I was only referring to our AI timelines mode, in this case it’s defined as the most likely year in which superhuman coder arrives. 

In general the concept of mode for most of the scenario decisions seems not well defined as e.g. for non-naturally-numeric choices it depends on how you define the categories and what past events you condition on (for the timelines mode we’re conditioning on the starting point but in other cases one might condition on all events thus far). 
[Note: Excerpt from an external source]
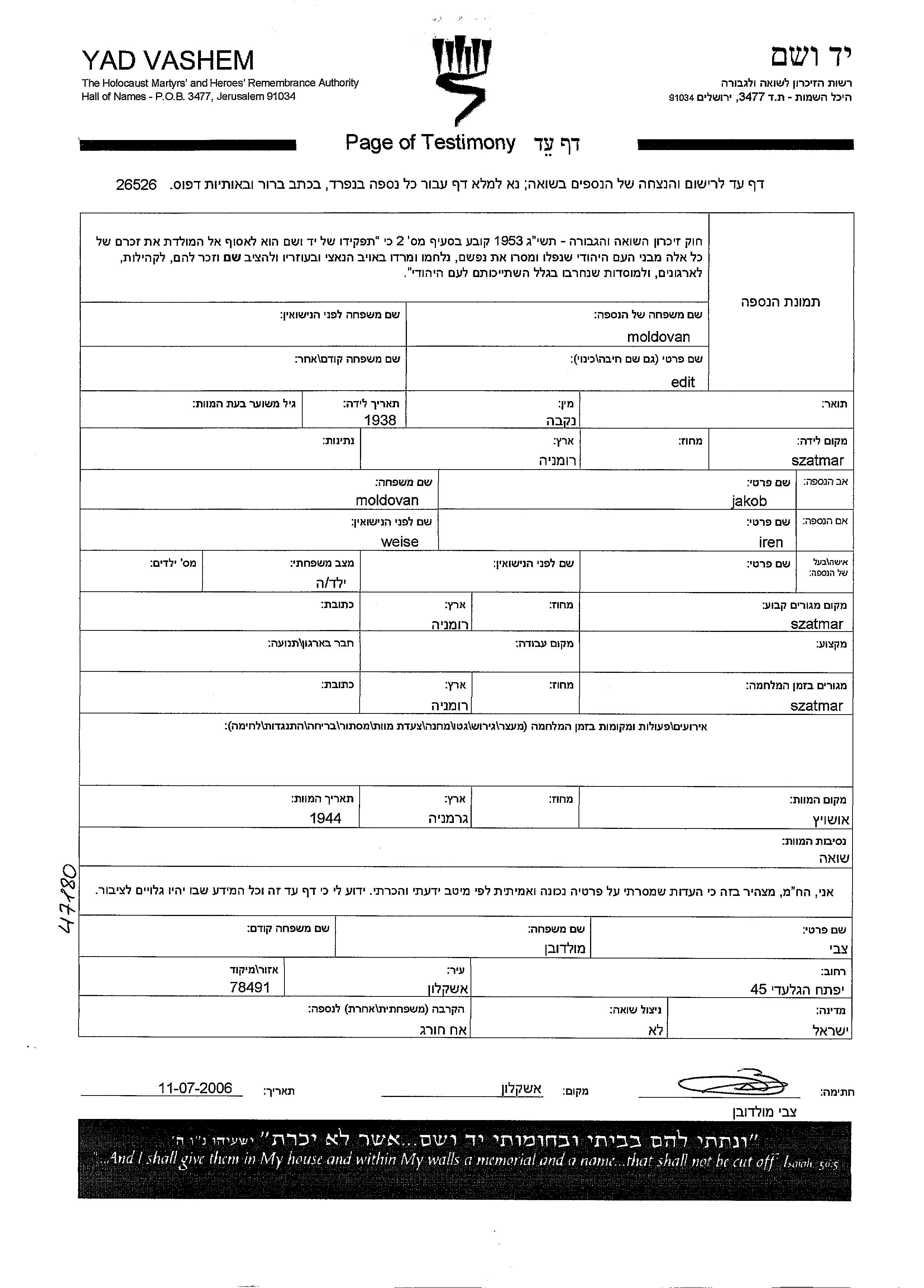 Edit Moldovan wurde im Jahr 1938 in Szatmar, Rumänien geboren. Sie war die Tochter von Jakob und Iren, geb. Weise. Sie war Kind. Vor dem Zweiten Weltkrieg lebte sie in Szatmar, Rumänien. Während des Krieges war sie in Szatmar, Rumänien.

I would personally describe our process as some mixture of sampling what intuitively feels most likely at each point (which might e.g. correspond to the mode of a natural categorical breakdown or of a distribution conditional on all events thus far, but we mostly didn’t explicitly calculate this), while also optimizing for making things not too degenerate and overall intuitively feel like a plausible trajectory (because by default doing mode every time would look unlike what we actually expect in some sense, because in the real world there will be many surprises).


As an example of how much definitions matter here, if we just conditioned on the previous conditions for each month and sampled what big algorithmic improvements might happen treating this as a categorical variable which enumerated many possible improvements, we might never end up with any specific algorithmic improvements or end up with them quite late in the game. But if we instead assume that we think overall probably some will come before superhuman coder and then pick what we think are the most likely ones even though any individual one may be <50% this quickly (though not totally clear in this case) and <<50% in any individual month, then we end up with neuralese recurrence and shared memory bank right before SC.


Perhaps a simpler example of how categorization matters is that if we break down possible AIs’ goals very granularly then we have the most peobabilities of AIs being very well aligned, relative to any very specific misaligned goal. But we overall have more probability on misalignment in this scenario so we first make that high level choice, then we choose one of the most likely specific misaligned goals.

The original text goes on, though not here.